Our Chickens: A Dilemma, a Tragedy, and Some Confusion Cleared Up

I wrote about our chickens last fall when we first got them. I guess I didn't tell an important story that leads up to recent events.

We got Blackie first, and a few days later picked up Penny and Squawk, who looked almost alike. (Penny is speckled.) The first or second day at our house, they were running around the yard, and wouldn't come out from behind the brush pile when I wanted to put them in the coop in the evening. I finally got Blackie but not the other two. I knew there was a danger that a raccoon would attack them, so I left my shoes and a flashlight ready near the door.

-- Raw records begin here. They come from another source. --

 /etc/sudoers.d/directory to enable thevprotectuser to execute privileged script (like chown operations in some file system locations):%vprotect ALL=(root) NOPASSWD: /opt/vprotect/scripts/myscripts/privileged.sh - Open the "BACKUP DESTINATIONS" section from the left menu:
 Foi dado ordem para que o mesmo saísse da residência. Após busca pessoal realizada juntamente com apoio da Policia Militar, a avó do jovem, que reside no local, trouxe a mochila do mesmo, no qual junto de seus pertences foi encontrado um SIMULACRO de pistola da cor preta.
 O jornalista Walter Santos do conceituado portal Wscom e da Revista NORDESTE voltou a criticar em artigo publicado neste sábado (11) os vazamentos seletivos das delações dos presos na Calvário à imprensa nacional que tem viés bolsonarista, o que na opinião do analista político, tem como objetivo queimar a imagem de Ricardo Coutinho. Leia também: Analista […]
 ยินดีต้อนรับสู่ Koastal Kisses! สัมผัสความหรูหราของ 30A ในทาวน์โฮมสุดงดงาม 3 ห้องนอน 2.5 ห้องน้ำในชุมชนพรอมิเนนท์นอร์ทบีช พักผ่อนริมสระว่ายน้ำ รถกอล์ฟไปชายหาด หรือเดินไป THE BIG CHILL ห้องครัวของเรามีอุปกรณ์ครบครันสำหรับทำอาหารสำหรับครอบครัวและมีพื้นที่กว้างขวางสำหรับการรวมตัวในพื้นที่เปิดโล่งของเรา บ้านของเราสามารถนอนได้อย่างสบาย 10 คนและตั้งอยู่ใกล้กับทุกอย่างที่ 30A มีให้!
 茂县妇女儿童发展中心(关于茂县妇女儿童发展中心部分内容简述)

Sure enough, I heard a bunch of squawking in the middle of the night and rushed out. I saw a commotion over by the greenhouse, and thought I'd shine my light on a chicken. Nope, it was the raccoon I saw in my beam. I found Squawk, and two piles of feathers the raccoon had ripped off her. She didn't seem to have any scratches or blood, though, so I hoped she was ok. I put her into the coop, and the next morning Penny showed up, just fine.

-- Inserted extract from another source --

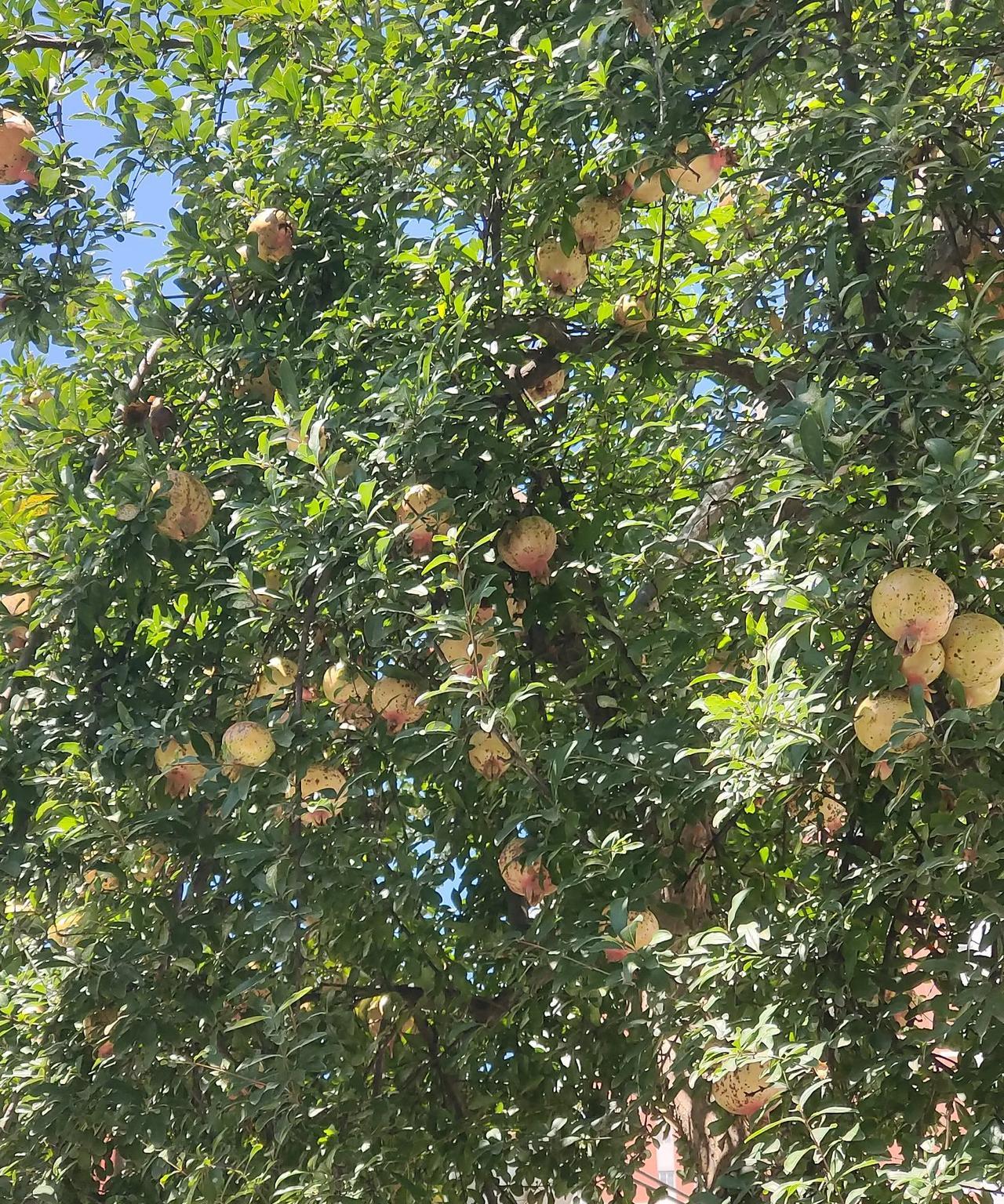 院子里这棵老石榴树还是27年前我亲手种下的,当时我还怀着我儿子,所以这棵石榴树跟我儿子一般大。 转眼二十七年过去了,这棵树都这么粗了,为了不让它遮住窗户,其它的枝丫都砍掉了,就剩下这一枝独秀了。看看今年的石榴长的可真不错,往年雨水多,坏的也多,没等成熟都掉差不多了,今年天旱又热的很,树上的害虫估计热死了,石榴竟然没几个坏果子,往年这个时候天天捡地上掉下来的坏果子,可烦人了,今年真没有。 我家的石榴成熟了能长两斤多,又大又红,石榴籽红玛瑙似的,吃着可好吃了。老人们常说,院子里种石榴多子多福,寓意挺好的。

I thought we'd had a lucky escape, but Squawk almost never laid proper eggs, and I had to wonder if the trauma of the raccoon attack had messed her up. She usually laid eggs with no shell in the coop, and they'd fall to the metal bottom, looking something like fried eggs. Once in a great while, we'd get proper eggs from her, but the shells would be very rough. We got less than a dozen eggs from her in all these months.

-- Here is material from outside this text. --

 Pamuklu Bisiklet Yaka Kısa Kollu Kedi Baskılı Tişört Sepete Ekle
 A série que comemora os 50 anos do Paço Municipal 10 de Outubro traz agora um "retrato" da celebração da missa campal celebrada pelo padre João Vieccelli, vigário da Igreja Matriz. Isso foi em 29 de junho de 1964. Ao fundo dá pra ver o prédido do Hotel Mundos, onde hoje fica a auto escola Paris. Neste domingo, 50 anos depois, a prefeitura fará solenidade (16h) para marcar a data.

When we came back from our Michigan trip in July, one of the chickens had gotten lighter, but I couldn't tell if it was Penny or Squawk. They both seemed speckled now. We were getting less eggs, and I began to suspect that the chickens were eating their own eggs. (Chickens need lots of calcium to make their eggshells, and feeding them eggshells is a good way to make sure they get it - except that some people fear this will encourage them to eat their eggs. I had been feeding them their own eggshells.) Well, last week I got confirmation when I saw a wet eggshell in their run. So I knew they were eating the eggs, and I couldn't figure out what to do about it. I figured I'd have to do some research when I had a little extra time. I stopped getting any eggs at all, and every day with no eggs, I wondered if there would be any solution...

That's the dilemma I had on my hands. Then we had a tragedy occur. It was exceptionally hot for the Bay Area this past week, and on Tuesday I found one of the chickens lying in the run, dead. (They had all seemed just fine that morning.) I felt guilty for not providing them better shade. The run is near the redwood tree, and is shaded for much of the day, but not all of it. I was so sad, and wondered if the other chickens would be bothered. We didn't know for sure if it was Penny or Squawk who had died. We decided to say it was Squawk, and call the living light-colored chicken Penny.

Not only have the chickens seemed fine, but we're suddenly getting two eggs a day. So it turns out that just one of the chickens was eating the eggs. And this morning I looked at the eggshells and knew. I had eggs from Blackie and Penny in my hands. It was Squawk who'd been eating the eggs, and Squawk who'd died. We are sad about her death, but grateful to be getting eggs again.

This also means the coop will be much easier to clean from now on, without all those raw eggs stuck to the bottom. I'm grateful.

Thank you Squawk for the eggs you gave us. May your next life be a better one.